Все складывается как нельзя лучше. Во дворе (уже смеркается, на меня вряд ли обратят внимание) подбираю хороший кусок упаковочной бумаги, но не с булыги, а из помойки, из глубины. Так надежнее. Вряд ли они станут проверять и сравнивать, ну, да ведь небереженого вертухай, то есть охранник, стережет…
Дома упаковываю, клей — стандартный гуммиарабик, в любом писчебумажном — навалом. На всякий случай беру тюбик и иду на Невский, там нахожу фаянсовую урну около Пассажа и бросаю улику на дно.

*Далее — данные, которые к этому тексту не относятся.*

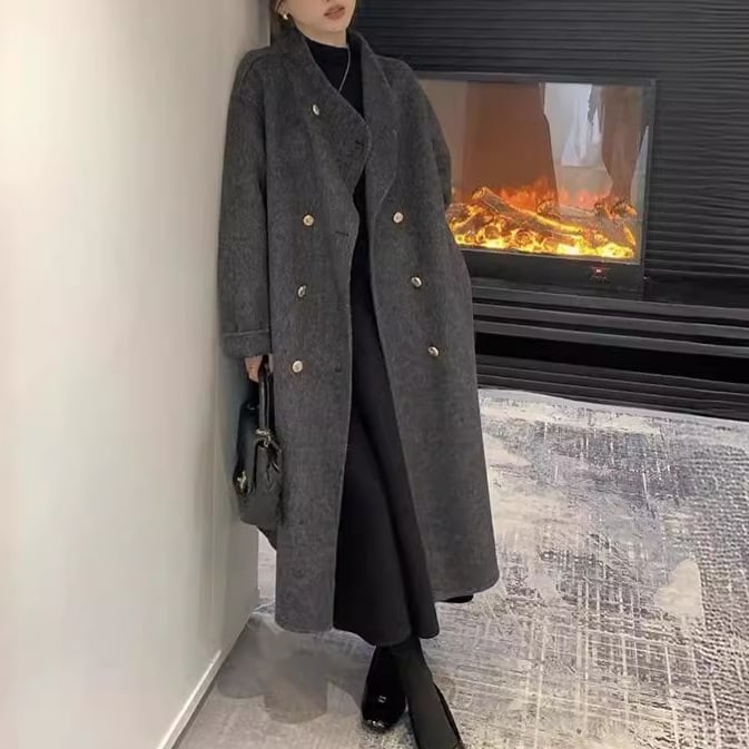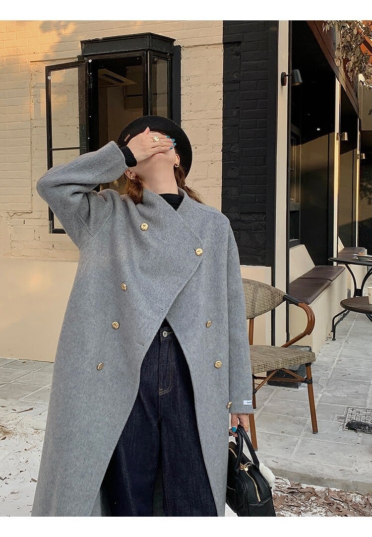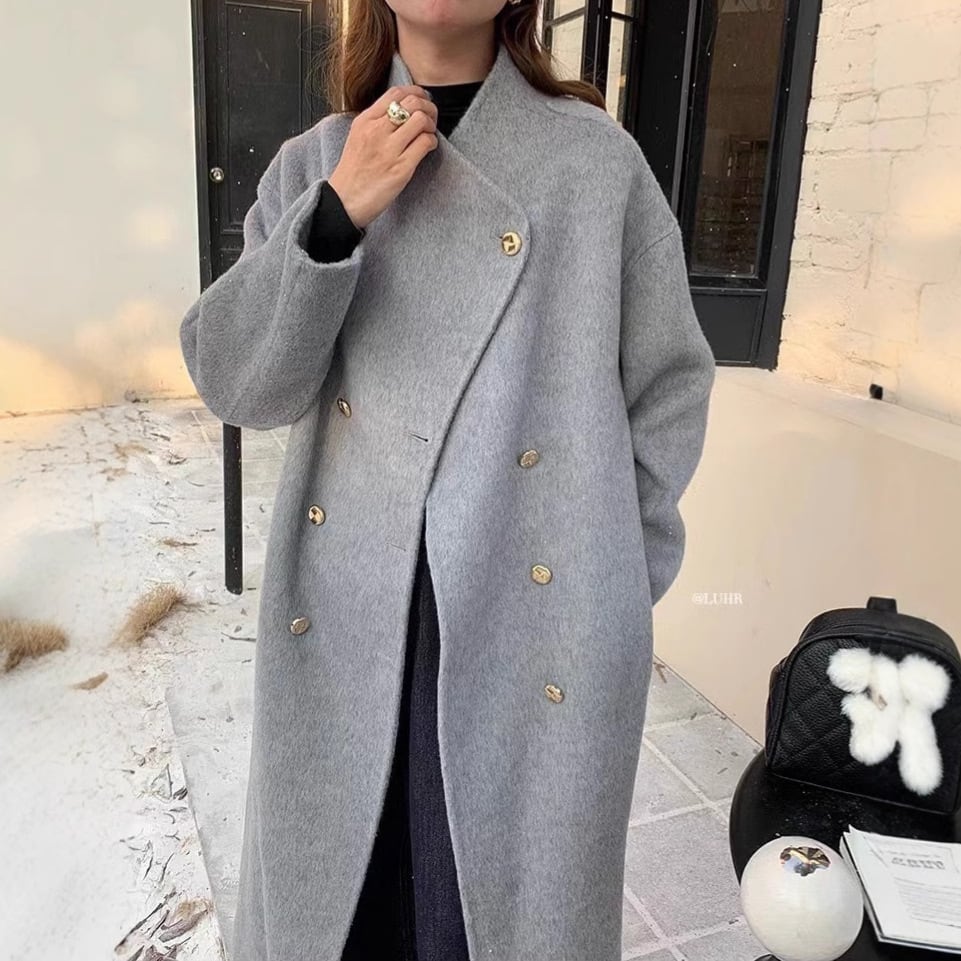 大人エレガントなノーカラーのチェスターコート。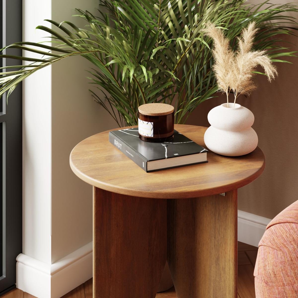 I love this side table for its versatility and natural warmth, making it an excellent addition to both contemporary and Scandinavian-inspired interiors. The mango wood finish brings a light, organic feel that pairs well with neutral palettes or muted tones. It works particularly well next to sofas or beds, serving as a practical surface for books, lighting, or decorative accents like vases or candles. For styling tips, consider layering a couple of books or a small tray to keep things organised, and add a small plant or vase for an effortless, lived-in look. Its subtle craftsmanship makes it a perfect piece to complement various decor styles without overpowering the space.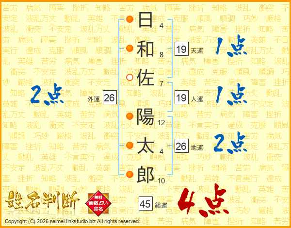 日(4画)和(8画)佐(7画) 陽(12画)太(4画)郎(10画)
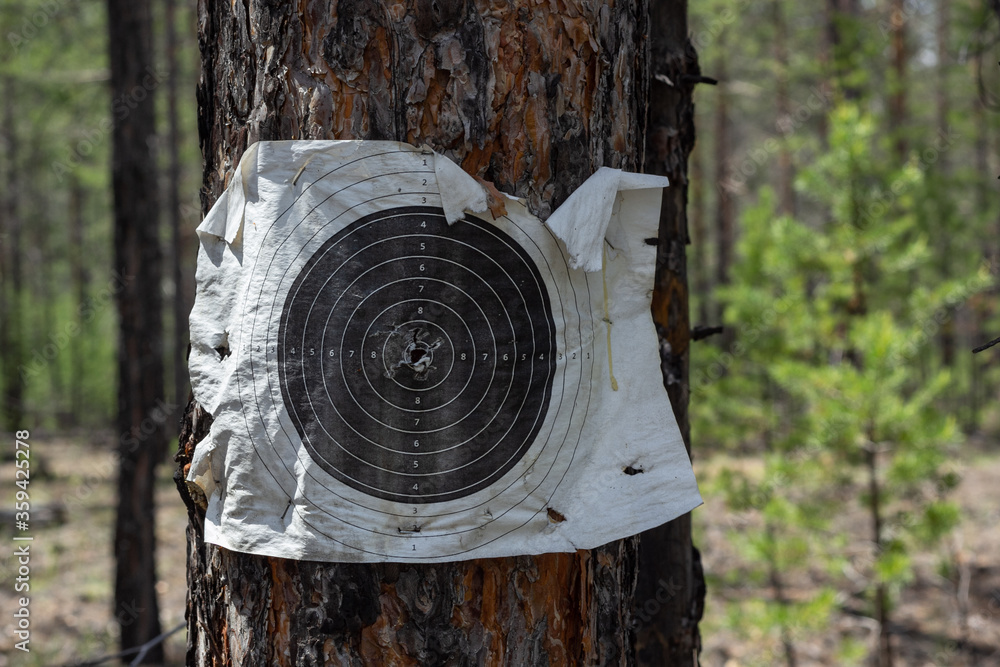 Old tactical paper target on tree located on military shooting range for active game airsoft.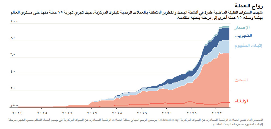 وقد أشار المجلس الأطلسي إلى أن (130) دولة، تمثل أكثر من (98%) من الناتج المحلي الإجمالي العالمي، تدرس حاليًا تقديم عملاتها الرقمية من خلال بنوكها المركزية. وقد أطلقت (11) دولة عملاتها الرقمية بشكل كامل، ومن المقرر أن يتوسع الإصدار التجريبي الصيني ليشمل الدولة بأكملها في عام 2023م، هذا وتعتبر جاميكا أحدث دولة أطلقت عملتها الرقمية للبنك المركزي. وفي عام 2023م اتخذت أكثر من (20) دولة خطوات مهمة تجريبية نحو إطلاق عملاتها الرقمية. هذا وتعتزم أستراليا وتايلاند والبرازيل والهند وكوريا الجنوبية وروسيا مواصلة أو بدء الاختبار التجريبي في عام 2023م. ومن المرجح أيضًا أن يبدأ البنك المركزي الأوروبي تجربته العام المقبل. كما أن (18) دولة من دول مجموعة العشرين وصلت مراحل متقدمة من تطوير عملاتها الرقمية، في حين أن هناك (7) دول من المجموعة في مراحلها التجريبية. (1)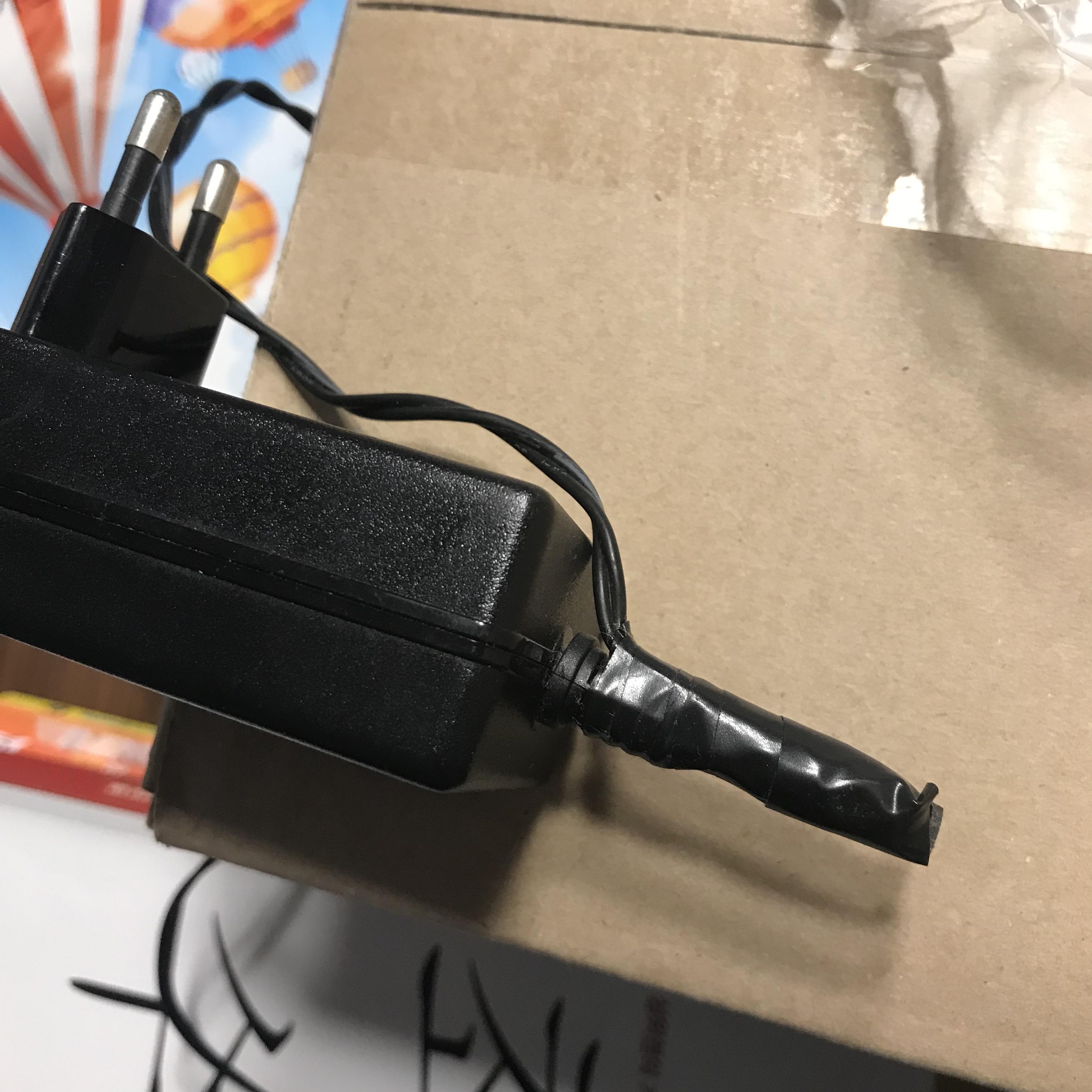 기존 전원 어댑터가 가끔 전원이 끊겨서 살펴보니 전선 어딘가에 접속불량이 있는 것 같았어요. 그래서 아래 사진에 보이는 것처럼 임시방편으로 잘 연결되는 타이밍에 검정 테이프로 고정을 시켰고 그 후로는 사용에 문제가 없었거든요. 이번에는 그 어떤 방법으로 접고 꼬우고 펼쳤다가 구기고 온갖 방법을 다 동원해봤지만 소용이 없었습니다. 그래서 어댑터를 새로 구입하기로 결정!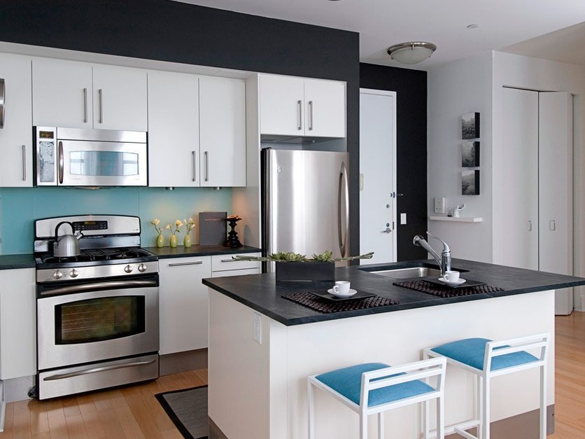 La combinación de colores. La combinación de tonos claros y oscuros elimina la limitación del espacio. Una opción de ganar-ganar es usar un acabado oscuro para una o dos paredes opuestas;

Все.
Контрразведчик (как бы не преступник?) из меня получится несомненно. Теперь — позвонить. Я это сделаю завтра, перед школой. Литературы завтра нет, остальное… Будет «уважительная» причина пропустить.
А пока — к столу. Ярко светит настольная лампа, вдалеке, над площадью Урицкого синий сумрак и черный силуэт с крестом. Что-то там поделывает капитан Званцев?
«Восточная граница Франции, поезд замедляет ход, огни станции. Сейчас пройдут жандармы, проверка формальная, но там, у немцев… Там все по правде. Там Новый порядок и каждый пограничный наряд теперь — это люди гестапо. Где-то неподалеку (по масштабам галлов, конечно) городок Мезьер. Здесь родился славный поэт — Пайен: «…приходит время, мрак встает…» Первый раз в жизни оказался Званцев в подобной ситуации. Казалось, прежнее бытие отнюдь не готовило к шпионской работе, к борьбе — сын небогатых родителей, дворян из Луги, давно уже лишившихся и родового поместья неподалеку от Казани — по разделу досталось брату отца, и двухэтажного домика с мезонином — все пошло во время оно за долги, отец был жуир, прожигатель жизни, мать тихо сносила художества супруга единственно по великой к нему любви, — легко поступил в Первый кадетский корпус на Первой же, «Кадетской» линии Васильевского, окончил с отличием и выбрал не Специальные курсы Пажеского корпуса (отец все же был генерал, приняли бы), а Московское Александровское училище — по стопам отца. Кто не тянул юнкерской лямки, не прошел сквозь «цук» — неуставные отношения, унижения и издевательства, — тот никогда не поймет армию, не сможет стать настоящим офицером. Из училища вышел по Первому разряду, имел право в гвардию, но выбрал фронт, окопы, должность сначала взводного, а через неделю — по гибели в бою ротного командира — сам сделался ротным, самым молодым, наверное…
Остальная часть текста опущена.